No que concerne ao clima geral da crença científica, a
situação parece não ter mudado significativamente desde o
inicial triunfo do darwinismo. Em contraposição, cumpre
notar que, com a derrocada do atomismo estrito e do
associado determinismo laplaciano, a noção de um
clockwork universe perdeu o seu aval científico. Hoje se
sabe que até mesmo o mecanismo de um relógio
propriamente dito se baseia tão-somente em leis
estatísticas. Assim, o mundo real revelou-se muito menos
restringido às nossas concepções físicas do que se
imaginava, um fato que se verifica sobretudo “no pequeno”.
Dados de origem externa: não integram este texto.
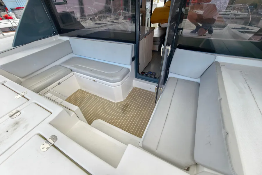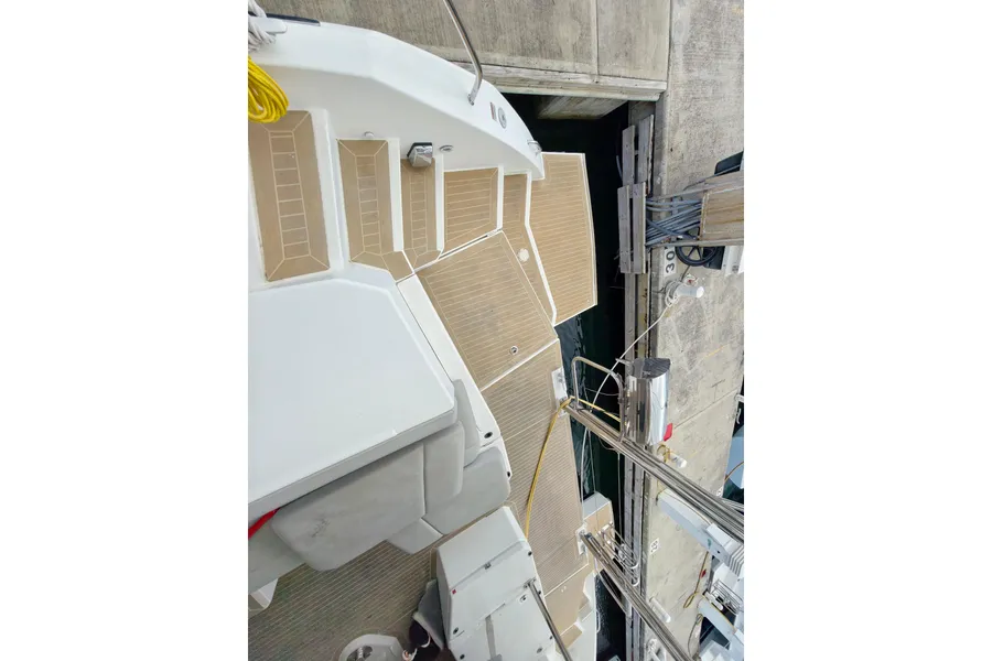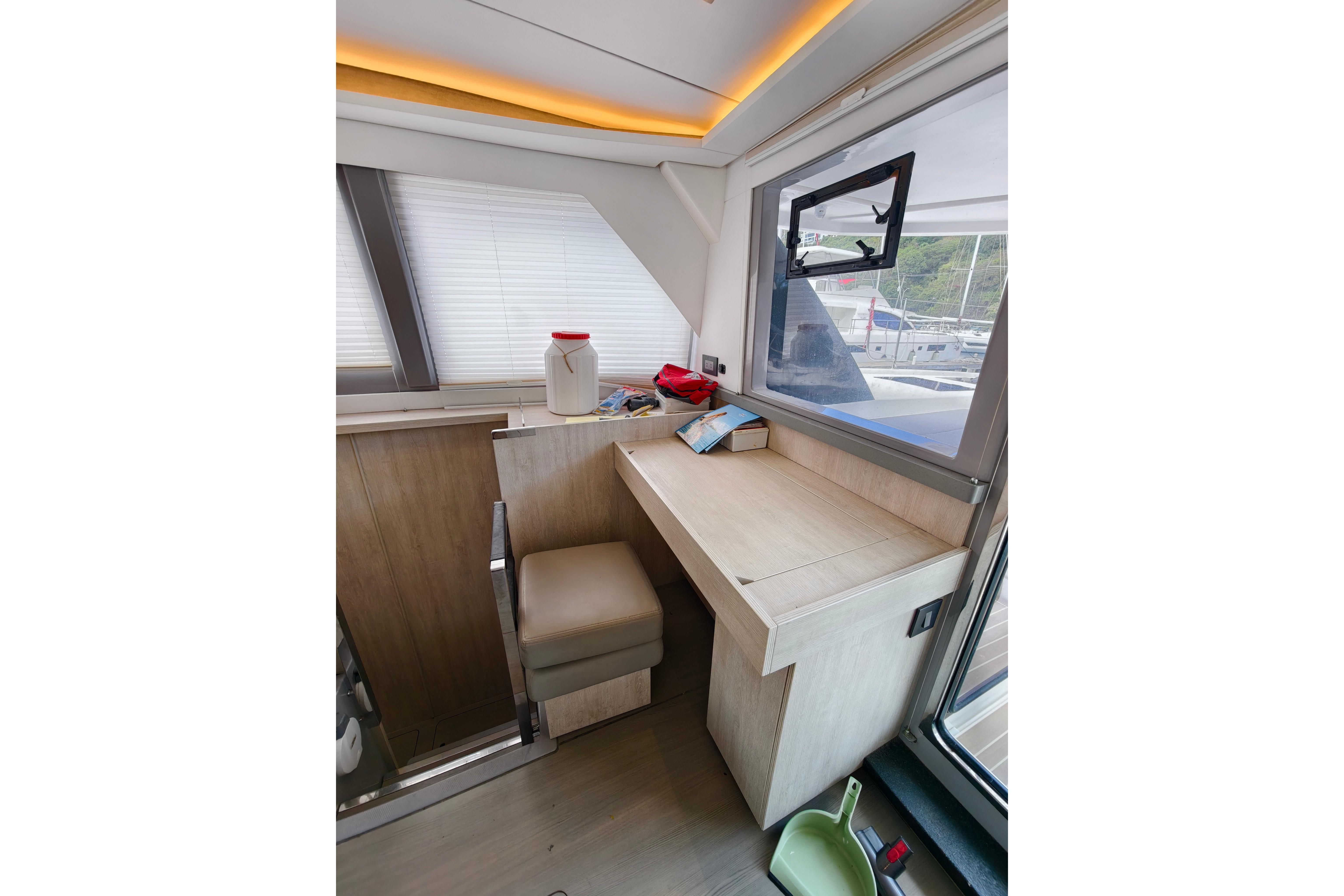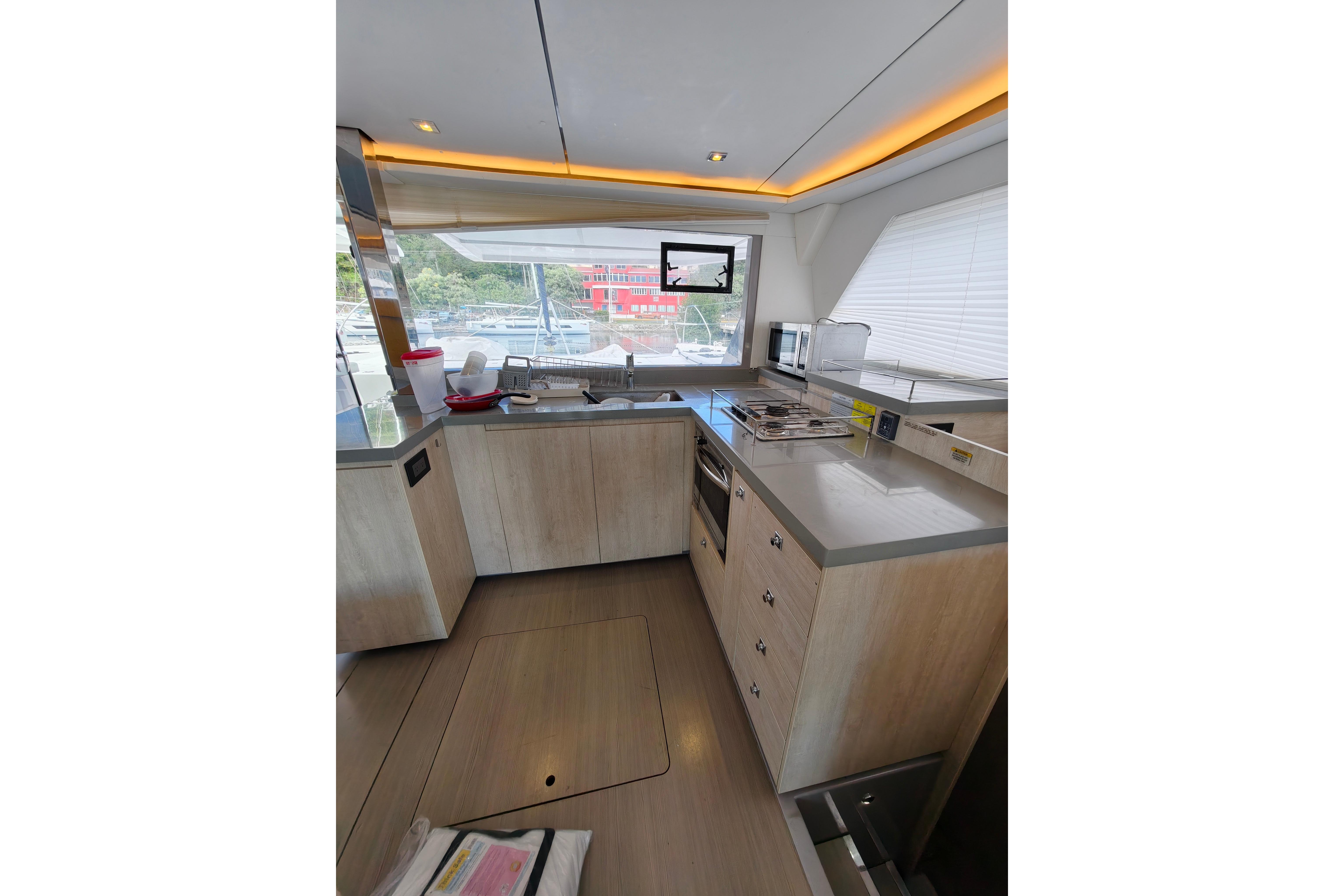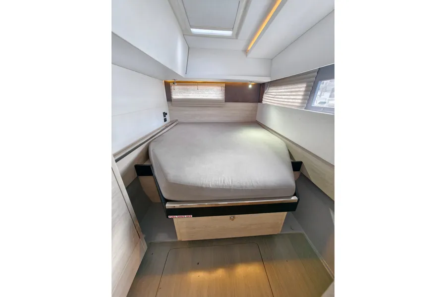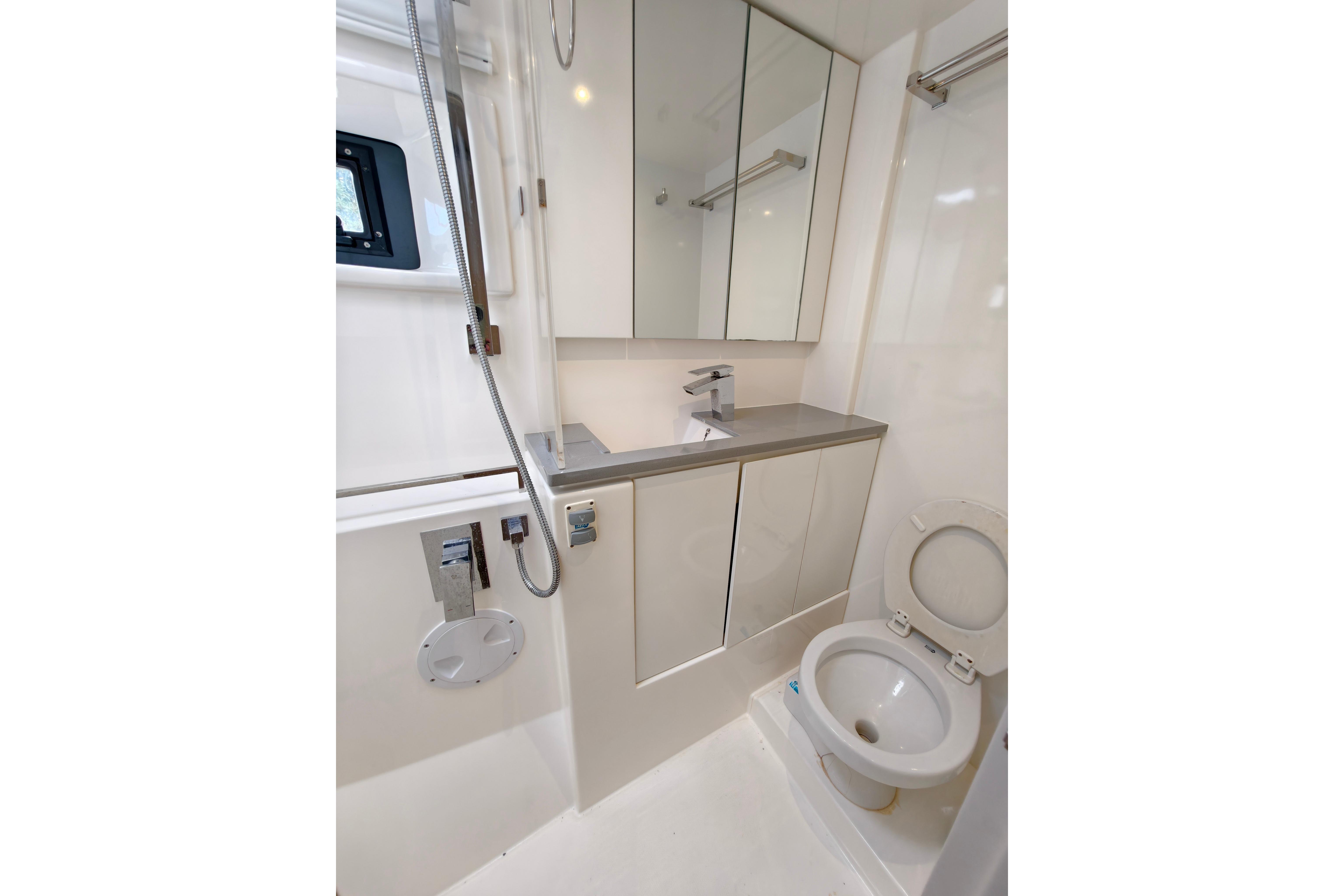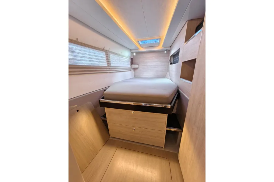 Onboard entertaining is accentuated with ample dining space, and forward facing L shaped seating communicating directly with the galley, situated forward. Wide sliding saloon doors afford panoramic views towards the stern, allowing the interior saloon to flow naturally towards the outside aft and forward cockpit.

Em um sentido bem real, parece que a natureza é
imensamente mais misteriosa nas suas operações do que o
século XIX tinha sido levado a supor. Os próprios avanços da
física vieram descortinar imprevistas limitações na
pretensão de explicar os fenômenos naturais em termos de
qualquer mecanismo físico concebível. Hoje temos mesmo
fortíssimo motivo para suspeitar que as “leis ordinárias da
física” não se aplicam às formas altamente estruturadas de
matéria encontradas no núcleo de uma célula viva.34
Referimo-nos em especial àquelas moléculas gigantescas,
situadas dentro dos cromossomos, que controlam toda a
estrutura e funcionamento do organismo — os genes. Ora,
na perspectiva da física, essas substâncias distinguem-se
das formas inanimadas de matéria principalmente pela sua
aperiodicidade. Lembram, assim, uma pintura requintada
onde cada pincelada desempenha um papel especial, em
contraste com a matéria inorgânica, que se poderia
comparar a um grande papel de parede onde um padrão
simples se repete em série. Pois bem, sendo inerentemente
estatísticas as leis ordinárias da física — aquelas que
normalmente testamos e usamos —, sua aplicabilidade, no
caso dos sólidos, depende da periodicidade. Por analogia,
elas aplicam-se ao papel de parede, em oposição à pintura.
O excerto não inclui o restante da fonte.